Methamphetamine use is associated with a range of cardiovascular complications, including acute vascular constriction, vasospasm, endothelial damage, pulmonary hypertension, and a severe form of dilated cardiomyopathy. The degree of tolerance and individual differences in responsiveness to the drug can influence the risk of developing these complications. Cardiovascular magnetic resonance imaging (CMR) with a delayed increase in gadolinium can be used to identify fibrosis in ischemic and non-ischemic cardiomyopathies and may be useful in predicting recovery in non-ischemic cardiomyopathies associated with toxins. Methamphetamine induces powerful vasoconstriction that can cause severe vasospasm of the coronary arteries and microvasculature, resulting in myocardial ischemia. This combined with direct toxicity to myocardial cells leads to myocardial contractile dysfunction, chronic inflammation, and ultimately myocyte loss due to replacement fibrosis resulting in dilated cardiomyopathy.
Clinical and autopsy reports obtained from long-term methamphetamine users showed indicators of cardiomyopathy such as necrosis, fibrosis, hypertrophy, and enlargement of the heart. The degree of fibrosis predicts functional recovery after cessation of methamphetamine use, while heart function did not improve in any of the patients who continued to use methamphetamine. In animal models, methamphetamine administration induces cardiomyopathies with cardiomyocyte disorder, intracellular and extracellular edema, abnormally shaped mitochondria and nuclei, dilated T tubules, myocyte degeneration, contractile band degeneration and myofilament loss. The use of methamphetamine generally promotes dilated cardiomyopathy with an enlarged and dilated heart and decline severe contractile function. We report a case of severe cardiomyopathy associated with methamphetamine in which heart function recovered after 6 months. The risk of cardiovascular problems among methamphetamine users increases when the drug is combined with alcohol, cocaine or opiates.

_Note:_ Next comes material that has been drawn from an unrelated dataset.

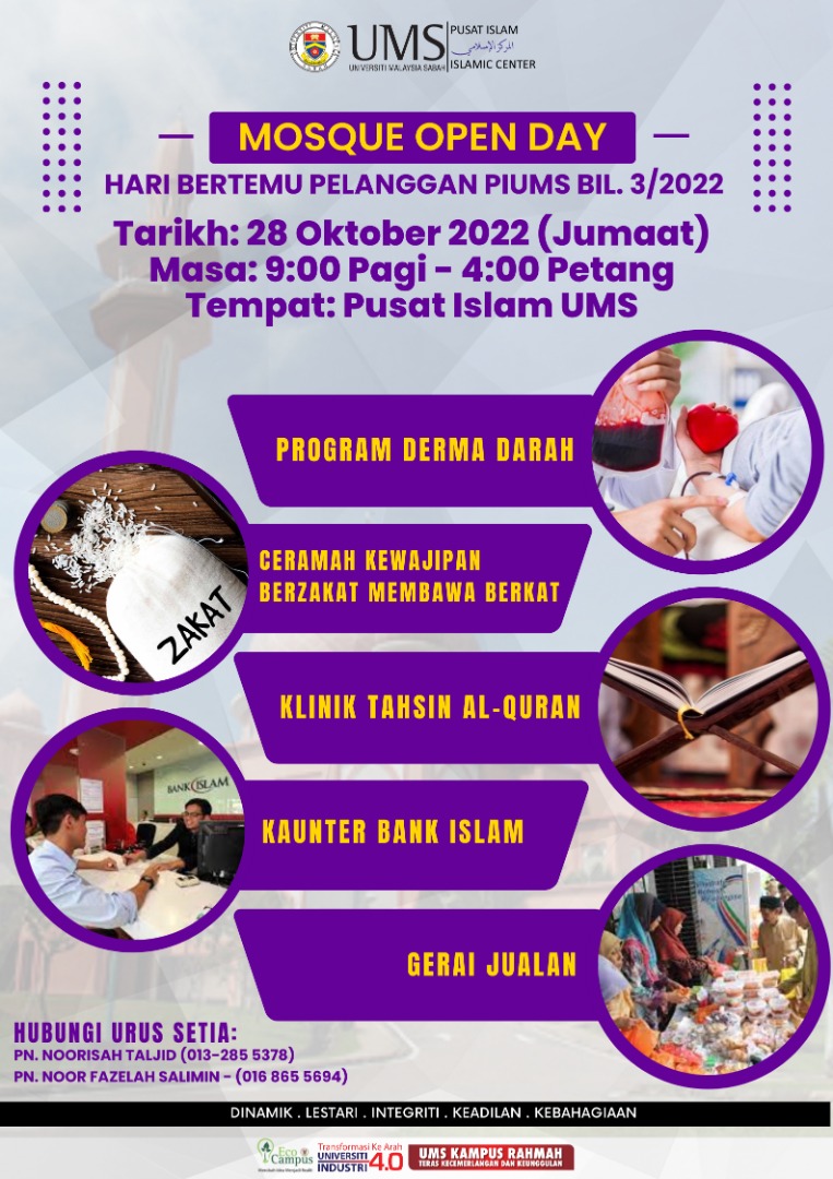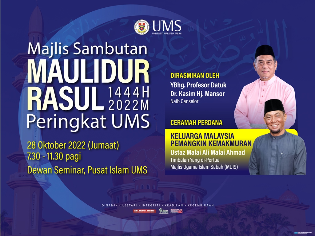 Majlis Sambutan Maulidur Rasul Peringkat Universiti Malaysia Sabah Bagi Tahun 2022 / 1444H akan berlangsung esok di Dewan Seminar, Pusat Islam UMS.

Long-term methamphetamine use has been associated with a severe form of dilated cardiomyopathy. Expression of c-Fos, Fos-b, c-jun and dusp-1 in the mouse heart after single and repeated administration of methamphetamine has been shown to induce autophagy during methamphetamine-induced toxicity. The dose necessary and sufficient to cause serious cardiovascular complications or death is unclear due to individual differences in responsiveness and variations in tolerance. While there are few reports of chronic systemic hypertension among methamphetamine users, long-term methamphetamine abuse can cause a marked increase in pulmonary hypertension. In addition to vasospasm, methamphetamine users show a significant worsening of atherosclerotic cardiovascular disease. Methamphetamine-related cardiomyopathy is associated with severe systolic dysfunction, left ventricular chamber dilation.
Treatment for methamphetamine toxicity should be based on the presentation of symptoms and not on the reported dose administered. CMR may be useful in predicting recovery in non-ischemic cardiomyopathies associated with toxins.